大判例

20世紀の現憲法下の裁判例を掲載しています。
官報全文検索 KANPO.ORG
月額980円・今日から使える・メール通知機能・弁護士に必須
AD

大阪高等裁判所 昭和37年(ネ)1544号 判決 1965年11月29日

控訴人 久保田英雄

被控訴人 国 外二名

訴訟代理人 堀川嘉夫

主文

一、原判決中、控訴人の被控訴人国に対し大阪府知事のなす永小作権登記の回復登記手続の容認を求める請求について棄却をなした部分を取消す。

二、控訴人の右被控訴人国に対し大阪府知事のなす永小作権登記の回復登記手続の容認を求める訴を却下する。

三、控訴人の前記二の訴並びに後記四、五の新訴を除く部分に対する控訴を棄却する。

四、控訴人の新訴のうち

(1)  被控訴人八尾市農業委員会に対し買収計画、その公告、承認の無効確認を求める部分

(2)  被控訴人大阪府知事に対し売渡計画の承認、買収令書の交付、買収売渡の各登記属託行為、右各登記、永小作権登記抹消処分の無効農林省よりの売渡登記の抹消登記手続を求める部分

(3)  被控訴人国に対し、永小作権消去処分の無効確認、大阪府知事のなす買収売渡登記の抹消登記手続の容認を求める部分はいずれも却下する。

五、控訴人の新訴のうち被控訴人大阪府知事に対し売渡計画に対する訴願の裁決売渡通知書の発行交付の無効確認農林省名義の所有権取得登記の抹消登記、永小作権登記の回復手続を求める部分は棄却する。

六、訴訟費用は第一・二審とも控訴人の負担とする。

事  実 <省略>

理由

一、控訴人の本訴中(1) 被控訴人委員会に対し売渡計画の公告、承認の無効確認を求める部分、(2) 被控訴人知事に対し買収令書発行の無効確認を求める部分、(3) 被控訴人国に対し政府の買収・売渡の無効、永小作権の確認を求める部分に対する当裁判所の判断は、右部分についての原審の判断と同一であるから、原判決理由中右部分についての説示をここに引用する。

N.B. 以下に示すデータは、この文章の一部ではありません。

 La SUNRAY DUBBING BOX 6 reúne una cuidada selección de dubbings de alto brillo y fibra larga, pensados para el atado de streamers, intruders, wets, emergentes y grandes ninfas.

二、控訴人の被控訴人委員会に対し売渡計画異議却下決定の無効確認を求める訴は行政訴訟の対象となりかつ訴の利益があり適法ではあるがその請求は理由がないものと判断する。その理由とするところは、原判決理由二の本案の判断、すなわち、原判決九枚目裏六行目から同一〇枚目表二行目三字目までと同一であるから、ここに右理由説示を引用する。

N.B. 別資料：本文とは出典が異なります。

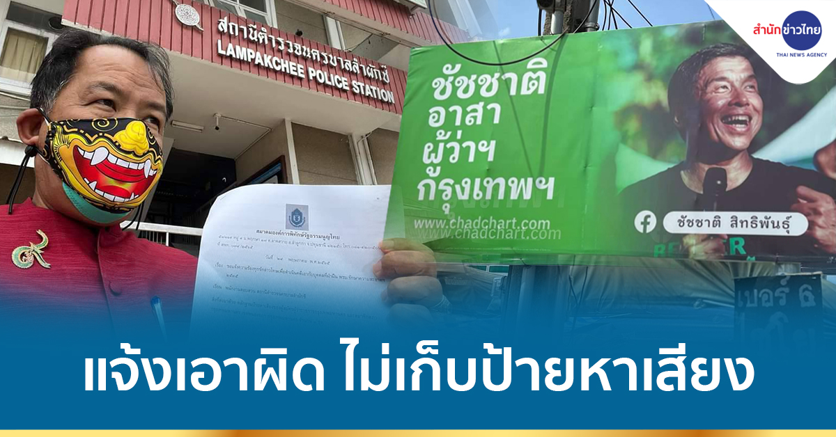 วันนี้ (29 พ.ค.) นายศรีสุวรรณ จรรยา เลขาธิการสมาคมองค์การพิทักษ์รัฐธรรมนูญไทย เปิดเผยว่า ได้เดินทางมายังสถานีตำรวจนครบาลลำผักชี (สน.ลำผักชี) แจ้งความร้องทุกข์กล่าวโทษว่าที่ผู้ว่าฯ กทม. และผู้สมัครผู้ว่าราชการ กทม. รวมถึงผู้สมัคร ส.ก.เขตหนองจอก ไม่ยอมเก็บป้ายหาเสียงของตนเองออกจากพื้นที่สาธารณะตามที่ กกต.กำหนดภายใน 3 วันหลังจากเลือกตั้ง อันถือได้ว่ามีความผิดฐานตาม ปอ.368 ฐานขัดคำสั่งเจ้าพนักงาน และมีความผิดตาม พ.ร.บ.รักษาความสะอาดฯ 2535

三、控訴人の被控訴人国に対し府知事のなす永小作権登記の回復登記手続の容認を求める訴については、当審において被控訴人知事に対し永小作権登記の回復登記手続を求める以上、その請求どおり被控訴人国に対し容認を求めるものと解されるところ、右容認の判決がなされたとしても、その判決は不動産登記法第二七条にいう判決にあたらないから、控訴人は右判決により単独で右抹消登記の申請をすることができないし又右判決は被控訴人が抹消登記義務を負担することにつき既判力を生ずるものではない。したがつて右訴は当事者間の紛争解決になんら役立たずその利益を欠き不適法である。

四、控訴人が当審において拡張した訴のうち、

(1)  被控訴人委員会に対し無効確認を求める買収計画の公告、承認は行政訴訟の対象となる行政処分ではないから、右訴は、不適法である。又同被控訴人に対する買収計画の無効確認を求める訴は利益がなく、不適法である。すなわち、控訴人が本件土地の所有者でないことはその主張自体より明らかである。そして控訴人が本件地上に有すると主張する永小作権は自創法第一二条第一項により買収と同時に一旦消滅するが、同条第二項により政府の所有権取得と同時に従前の永小作権は右権利を有する者のために従前と同一条件で設定されたものとみなされるから、買収そのものによつては控訴人の権利はなんら侵害されることはない。控訴人としては売渡処分を争えば足りるから、右買収計画の無効確認を求める必要がないものといわなければならない。

(2)  被控訴人知事に対し無効確認を求める買収令書の交付は買収令書の発行と同様確認を求める利益がなく、売渡計画の承認は行政訴訟の対象となる行政処分でないから、右訴は不適法である。又各登記嘱託行為は、国民の権利義務に直接影響を及ぼすものではなく、又府知事が私法上の権利主体たる国の機関として、一般私人と同列の立場に立つてなしたものであるから、右嘱託行為は行政訴訟の対象とならないから、右無効確認を求める訴は不適法である。

そして不動産登記簿上に現出されている登記はその不動産に関する権利又は法律関係そのものではなく、又行政処分でもないから、確認訴訟の対象とはなり得ないので各登記の無効を求める訴は不適法である。又無効確認を求める永小作権登記抹消処分はその意味が明確ではないが、行政訴訟の対象となる行政処分とは考えられないから、右無効確認の訴は不適法であり、その求める永小作権登記の回復手続について判断すれば足りる。

次に売渡登記の抹消登記手続を求むべき相手方は売渡人であるから、右訴は当事者適格を欠き不適法である。

(3)  被控訴人国に対し無効確認を求める永小作権消去処分は、前同様その意味が明確ではないが、行政訴訟の対象となる行政処分とは考えられないから右無効確認の訴は不適法であり、その求める永小作権確認について判断すれば足りる。

又大阪府知事のなす買収売渡登記の抹消登記手続の容認を求める部分の不適法であることは三になした判断と同一である。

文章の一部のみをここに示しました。